#### EXERCISE OBJECTIVE
With pictures left out, output exactly the lines of the listing below from the line that has "Feb. 26, 2026" to the line that has "まっすぐ進むと「五春窯」(下", both lines kept.

#### DATA RECORDS
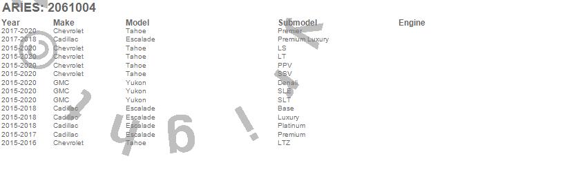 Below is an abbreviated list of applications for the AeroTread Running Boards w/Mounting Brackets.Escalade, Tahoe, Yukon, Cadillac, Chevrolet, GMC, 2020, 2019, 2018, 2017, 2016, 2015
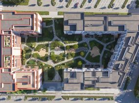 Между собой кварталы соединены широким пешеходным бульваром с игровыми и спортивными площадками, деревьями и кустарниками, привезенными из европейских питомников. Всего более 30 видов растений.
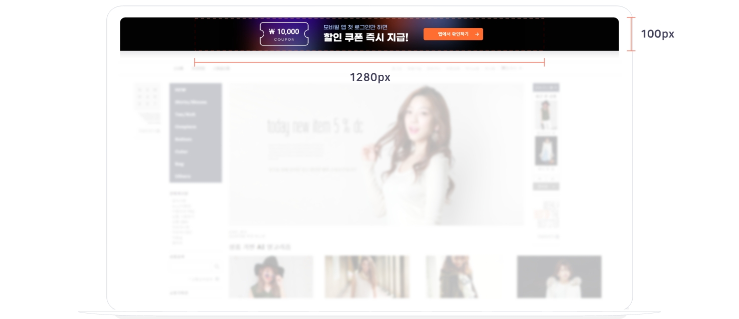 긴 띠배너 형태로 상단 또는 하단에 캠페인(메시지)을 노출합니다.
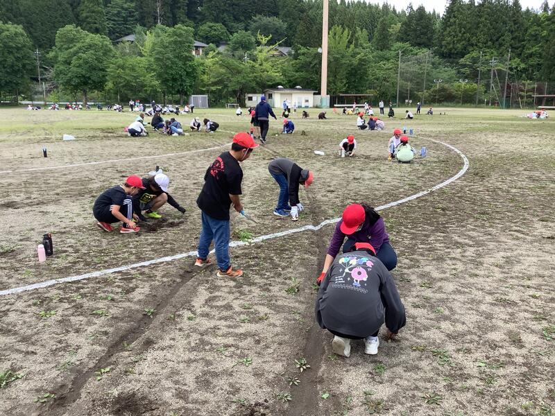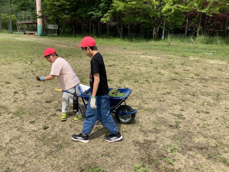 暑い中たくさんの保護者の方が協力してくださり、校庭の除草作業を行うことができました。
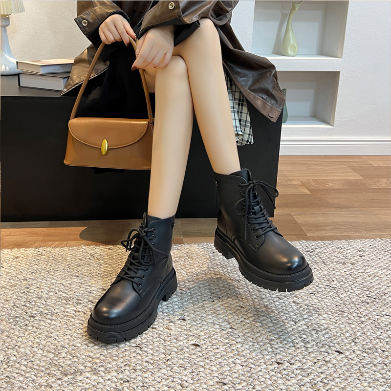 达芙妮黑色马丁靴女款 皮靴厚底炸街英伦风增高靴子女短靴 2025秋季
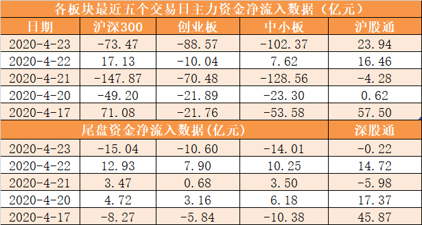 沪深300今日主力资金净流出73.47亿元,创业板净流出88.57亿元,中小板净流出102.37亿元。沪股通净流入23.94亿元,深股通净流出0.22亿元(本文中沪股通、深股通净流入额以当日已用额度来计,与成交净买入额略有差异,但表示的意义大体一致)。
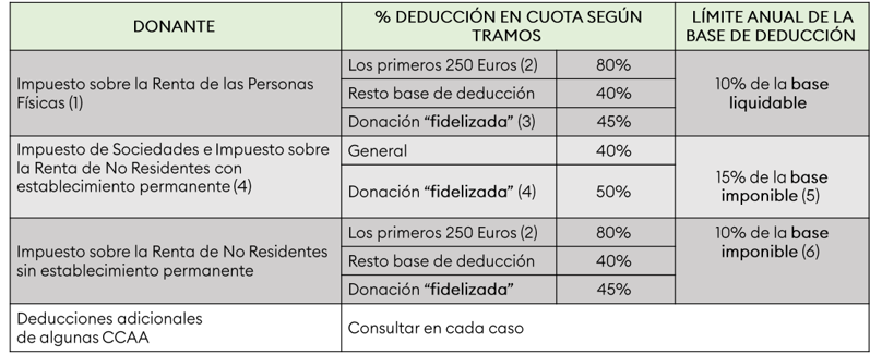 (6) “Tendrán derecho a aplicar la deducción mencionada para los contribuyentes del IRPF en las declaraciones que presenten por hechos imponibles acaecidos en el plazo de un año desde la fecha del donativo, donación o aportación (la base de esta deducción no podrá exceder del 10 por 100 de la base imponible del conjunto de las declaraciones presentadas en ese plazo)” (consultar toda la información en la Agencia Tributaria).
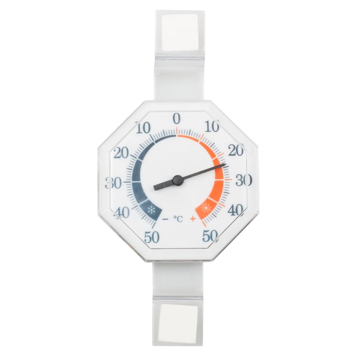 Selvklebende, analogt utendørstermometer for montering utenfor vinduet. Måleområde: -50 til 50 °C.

* * *

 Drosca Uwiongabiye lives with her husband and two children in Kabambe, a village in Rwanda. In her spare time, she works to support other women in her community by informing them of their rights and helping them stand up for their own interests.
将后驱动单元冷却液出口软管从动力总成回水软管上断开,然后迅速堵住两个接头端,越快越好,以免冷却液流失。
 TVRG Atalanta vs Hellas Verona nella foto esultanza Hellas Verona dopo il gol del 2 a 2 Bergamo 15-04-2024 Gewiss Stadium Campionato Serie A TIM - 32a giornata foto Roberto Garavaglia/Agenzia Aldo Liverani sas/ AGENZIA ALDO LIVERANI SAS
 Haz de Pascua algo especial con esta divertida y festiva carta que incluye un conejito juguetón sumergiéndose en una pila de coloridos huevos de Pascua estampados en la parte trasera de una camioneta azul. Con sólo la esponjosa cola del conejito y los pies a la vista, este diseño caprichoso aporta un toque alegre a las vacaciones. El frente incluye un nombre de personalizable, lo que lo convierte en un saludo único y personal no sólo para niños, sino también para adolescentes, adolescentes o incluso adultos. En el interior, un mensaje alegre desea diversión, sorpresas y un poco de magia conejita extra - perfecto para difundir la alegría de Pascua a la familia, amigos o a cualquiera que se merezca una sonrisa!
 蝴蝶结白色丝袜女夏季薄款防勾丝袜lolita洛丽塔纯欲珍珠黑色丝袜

* * *

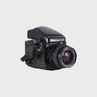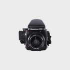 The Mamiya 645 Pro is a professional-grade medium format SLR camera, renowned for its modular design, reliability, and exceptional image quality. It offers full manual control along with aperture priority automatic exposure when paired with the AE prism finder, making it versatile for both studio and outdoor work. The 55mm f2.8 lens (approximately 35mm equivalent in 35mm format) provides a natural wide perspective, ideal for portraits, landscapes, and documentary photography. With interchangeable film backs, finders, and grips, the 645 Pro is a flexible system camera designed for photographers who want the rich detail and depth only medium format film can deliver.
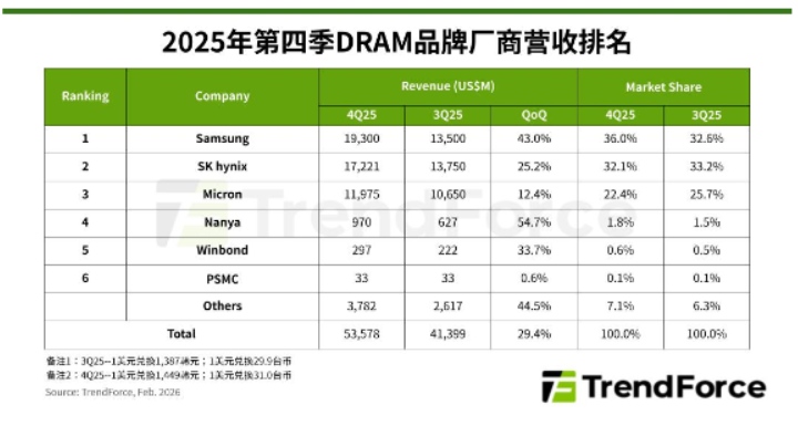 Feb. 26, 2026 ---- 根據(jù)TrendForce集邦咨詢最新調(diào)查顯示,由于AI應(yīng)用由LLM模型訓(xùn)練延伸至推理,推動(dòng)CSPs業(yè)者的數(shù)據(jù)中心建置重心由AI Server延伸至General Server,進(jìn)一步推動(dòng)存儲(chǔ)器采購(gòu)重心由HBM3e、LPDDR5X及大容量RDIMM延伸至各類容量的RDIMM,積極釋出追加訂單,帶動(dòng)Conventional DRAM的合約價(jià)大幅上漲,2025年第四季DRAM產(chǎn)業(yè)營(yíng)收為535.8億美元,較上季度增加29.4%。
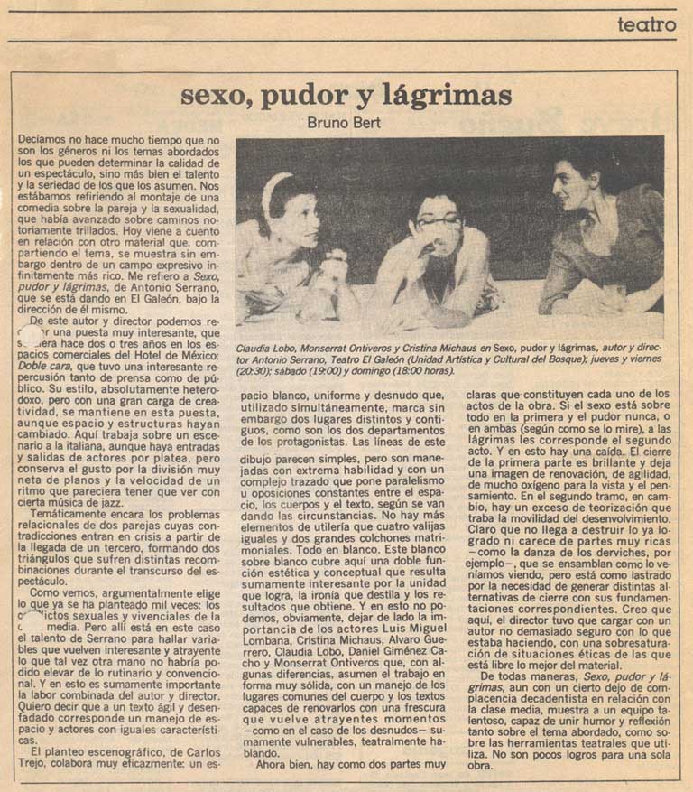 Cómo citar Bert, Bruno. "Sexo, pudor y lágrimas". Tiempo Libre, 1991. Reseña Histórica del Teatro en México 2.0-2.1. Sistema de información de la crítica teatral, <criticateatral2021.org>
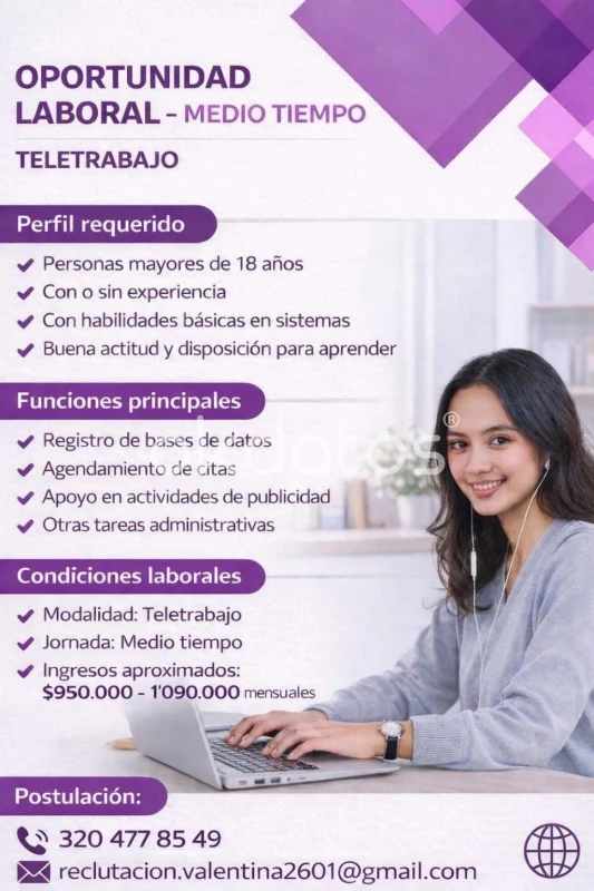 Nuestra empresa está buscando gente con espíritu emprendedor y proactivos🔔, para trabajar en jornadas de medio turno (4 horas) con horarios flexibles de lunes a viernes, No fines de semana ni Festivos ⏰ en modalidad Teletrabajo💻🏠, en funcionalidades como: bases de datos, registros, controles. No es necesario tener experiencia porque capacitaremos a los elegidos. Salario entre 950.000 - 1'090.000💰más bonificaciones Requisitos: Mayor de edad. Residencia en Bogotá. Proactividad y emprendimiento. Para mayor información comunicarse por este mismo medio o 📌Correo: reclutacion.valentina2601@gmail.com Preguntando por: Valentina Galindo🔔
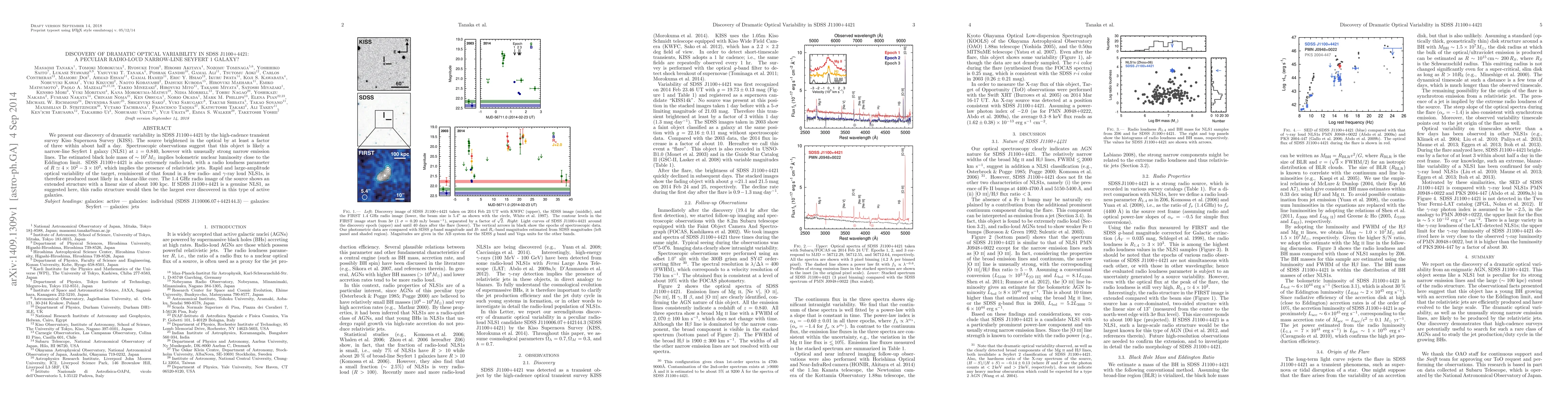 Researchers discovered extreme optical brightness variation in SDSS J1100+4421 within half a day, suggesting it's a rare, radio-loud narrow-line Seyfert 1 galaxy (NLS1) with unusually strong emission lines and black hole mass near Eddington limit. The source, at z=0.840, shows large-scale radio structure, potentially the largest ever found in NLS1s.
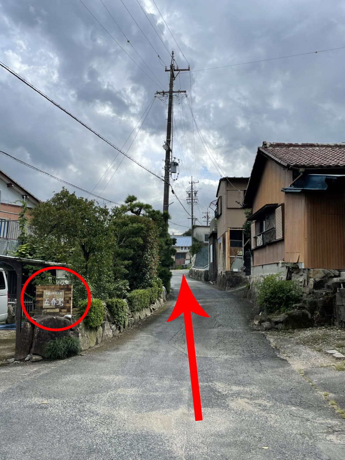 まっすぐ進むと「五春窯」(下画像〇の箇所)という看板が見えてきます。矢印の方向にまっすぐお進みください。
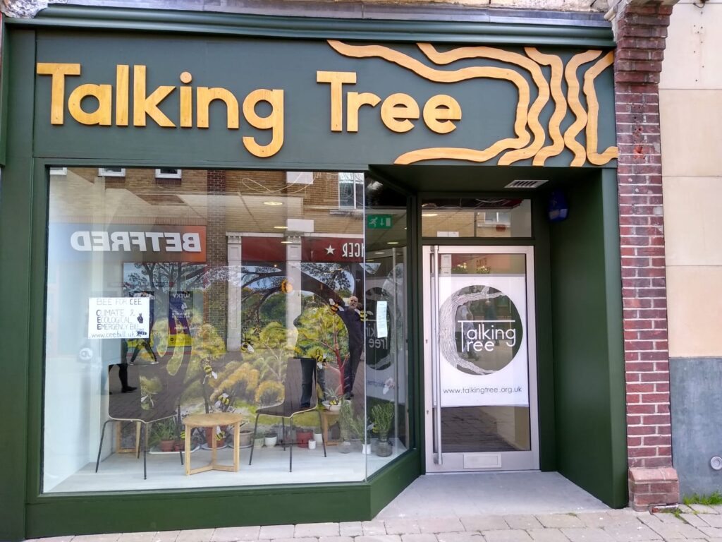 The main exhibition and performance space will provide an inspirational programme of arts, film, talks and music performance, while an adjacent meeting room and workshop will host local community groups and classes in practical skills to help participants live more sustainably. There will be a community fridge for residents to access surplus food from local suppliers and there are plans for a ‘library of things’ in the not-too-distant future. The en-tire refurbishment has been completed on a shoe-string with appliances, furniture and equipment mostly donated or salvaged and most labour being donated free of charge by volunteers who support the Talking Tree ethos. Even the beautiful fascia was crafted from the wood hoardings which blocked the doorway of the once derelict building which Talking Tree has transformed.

#### REPLY
 Feb. 26, 2026 ---- 根據(jù)TrendForce集邦咨詢最新調(diào)查顯示,由于AI應(yīng)用由LLM模型訓(xùn)練延伸至推理,推動(dòng)CSPs業(yè)者的數(shù)據(jù)中心建置重心由AI Server延伸至General Server,進(jìn)一步推動(dòng)存儲(chǔ)器采購(gòu)重心由HBM3e、LPDDR5X及大容量RDIMM延伸至各類容量的RDIMM,積極釋出追加訂單,帶動(dòng)Conventional DRAM的合約價(jià)大幅上漲,2025年第四季DRAM產(chǎn)業(yè)營(yíng)收為535.8億美元,較上季度增加29.4%。
 Cómo citar Bert, Bruno. "Sexo, pudor y lágrimas". Tiempo Libre, 1991. Reseña Histórica del Teatro en México 2.0-2.1. Sistema de información de la crítica teatral, <criticateatral2021.org>
 Nuestra empresa está buscando gente con espíritu emprendedor y proactivos🔔, para trabajar en jornadas de medio turno (4 horas) con horarios flexibles de lunes a viernes, No fines de semana ni Festivos ⏰ en modalidad Teletrabajo💻🏠, en funcionalidades como: bases de datos, registros, controles. No es necesario tener experiencia porque capacitaremos a los elegidos. Salario entre 950.000 - 1'090.000💰más bonificaciones Requisitos: Mayor de edad. Residencia en Bogotá. Proactividad y emprendimiento. Para mayor información comunicarse por este mismo medio o 📌Correo: reclutacion.valentina2601@gmail.com Preguntando por: Valentina Galindo🔔
 Researchers discovered extreme optical brightness variation in SDSS J1100+4421 within half a day, suggesting it's a rare, radio-loud narrow-line Seyfert 1 galaxy (NLS1) with unusually strong emission lines and black hole mass near Eddington limit. The source, at z=0.840, shows large-scale radio structure, potentially the largest ever found in NLS1s.
 まっすぐ進むと「五春窯」(下画像〇の箇所)という看板が見えてきます。矢印の方向にまっすぐお進みください。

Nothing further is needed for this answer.